Como quase sempre acontece, por trás das fugas de capitais, está a deterioração das contas públicas. A dívida está em US$ 241 bi, a maior parte denominada em moeda estrangeira. Quanto maior a escalada do câmbio, maior o volume de liras necessário para honrar a dívida. Outro problemão a enfrentar é o de que grandes bancos europeus estão fortemente expostos a títulos da Turquia, fato que começou a preocupar o Banco Central Europeu, que aparentemente teme o impacto sobre a situação patrimonial desses bancos de eventual calote da Turquia.

Saída rápida e praticamente inevitável consiste em chamar os bombeiros do Fundo Monetário Internacional que, em troca de recursos novos, exigirá mudança de comportamento fiscal. Por enquanto, Erdogan não passou sinal de que dará esse passo.

Às incertezas políticas e econômicas enfrentadas pelo Brasil, junta-se mais essa nova onda de mau humor do mercado internacional para com os emergentes de forma geral.

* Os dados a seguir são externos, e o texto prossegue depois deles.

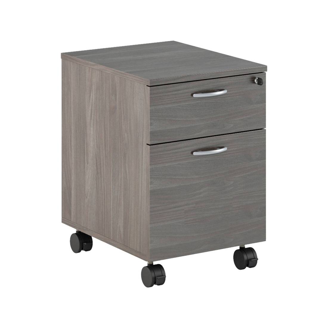 Cassettiera 1 cassetto con serratura + 1 classificatore per cartelle sospese con interasse 33 cm. Dotata di ruote pivotanti e meccanismo anti-ribaltamento. Fornita smontata. Dimensioni: L41,8 x P52 x H59,5cm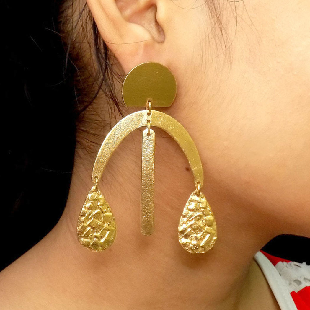 Material: Brass (non allergic )Wipe your jewelry with a soft cloth after every useAlways store your jewelry in a flat box to avoid accidental scratchesKeep sprays and perfumes away from your jewelryDo not soak your jewelry in waterClean your jewelry using a soft brush, dipped in jewelry cleaning solution only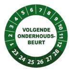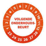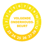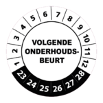 Bestel hier uw ‘volgende onderhoudsbeurt 2023’ keuringsstickers op makkelijk hanteerbare rollen. De stickers hebben een diameter van 3 cm en worden geleverd met een UV beschermlaag. Ze zijn daarom ook geschikt voor outdoor gebruik en kunnen prima tegen een stootje. Heeft u speciale wensen? Bel of mail dan gerust voor een offerte op maat!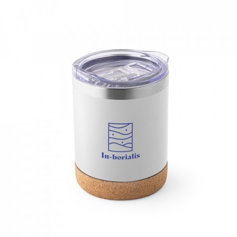 Copo de viagem em aço inox térmico, com parede dupla isolada a vácuo. Capacidade até 400 mL. Parede com acabamento fosco e base em cortiça. Contém uma tampa transparente com fecho deslizante. Fornecido em caixa presente de papel kraft reciclado. Certificação EU Food Grade Ø93 x 121 mm
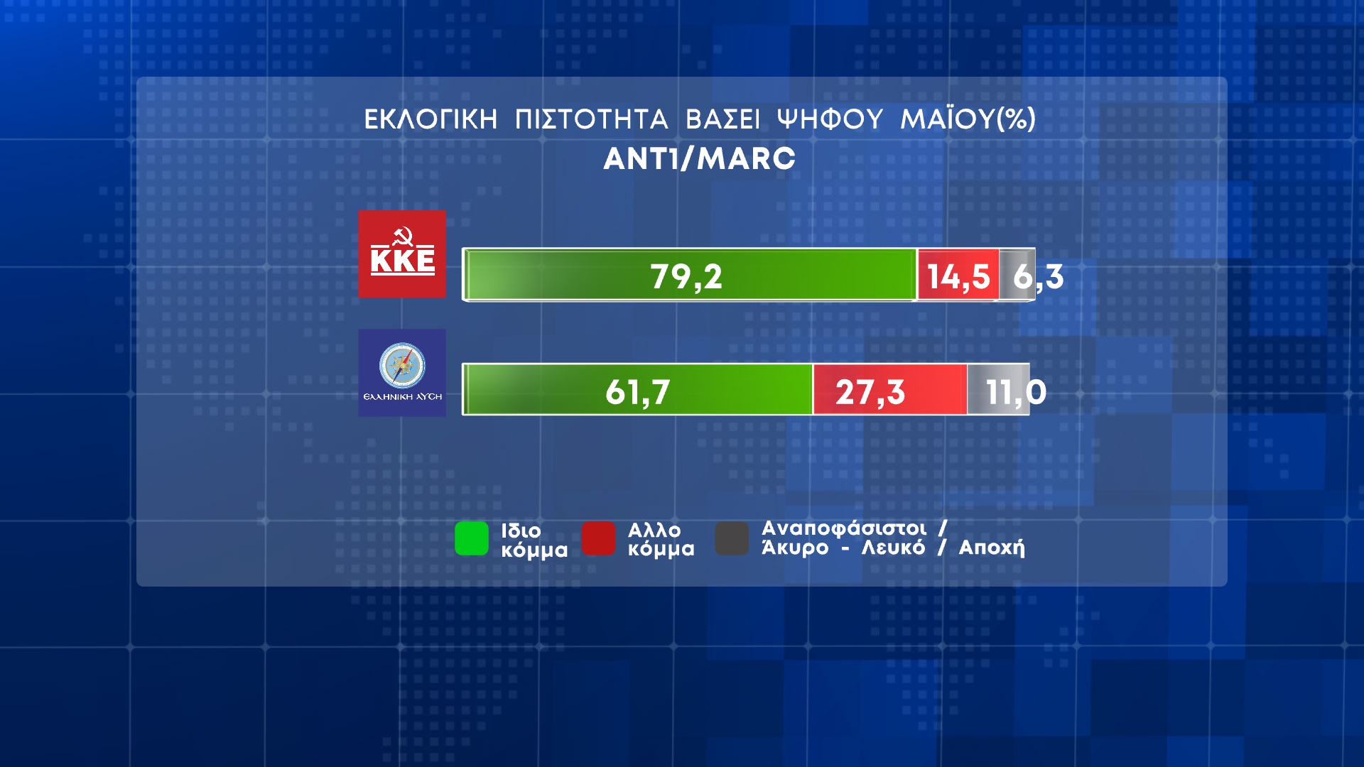 Η δημοσκόπηση της MARC για λογαριασμό του ΑΝΤ1 παρουσιάστηκε σήμερα στο κεντρικό δελτίο ειδήσεων του σταθμού, με τον Νίκο Χατζηνικολάου.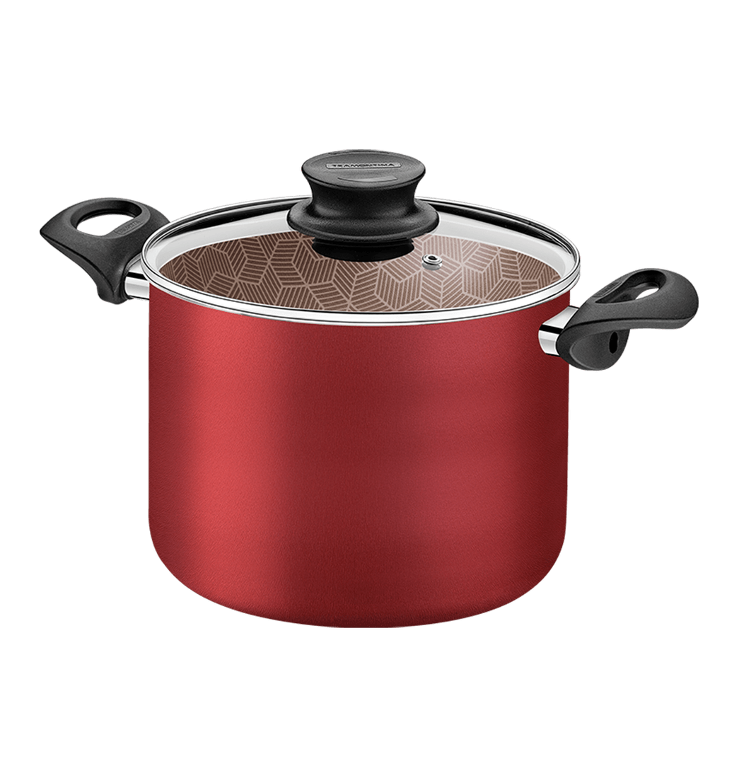 Sin duda, no se quedará sin alimentos durante su comida, con la olla alta de aluminio de Tramontina con revestimiento interior y exterior antiadherente rojo Starflon Max junto con la tapa de vidrio de 20 cm y 4,2 litros.

Na última sexta-feira, o dólar no câmbio brasileiro pulou 1,75% apenas por conta desse novo fator de convulsão. E a Bolsa tomou rumo oposto (queda de 2,86%) porque os investidores seguiram a onda de fuga ao risco. O Brasil está vulnerável não só porque é país emergente, mas porque as contas públicas estão em péssima situação. Se as reformas estivessem encaminhadas, a situação seria outra.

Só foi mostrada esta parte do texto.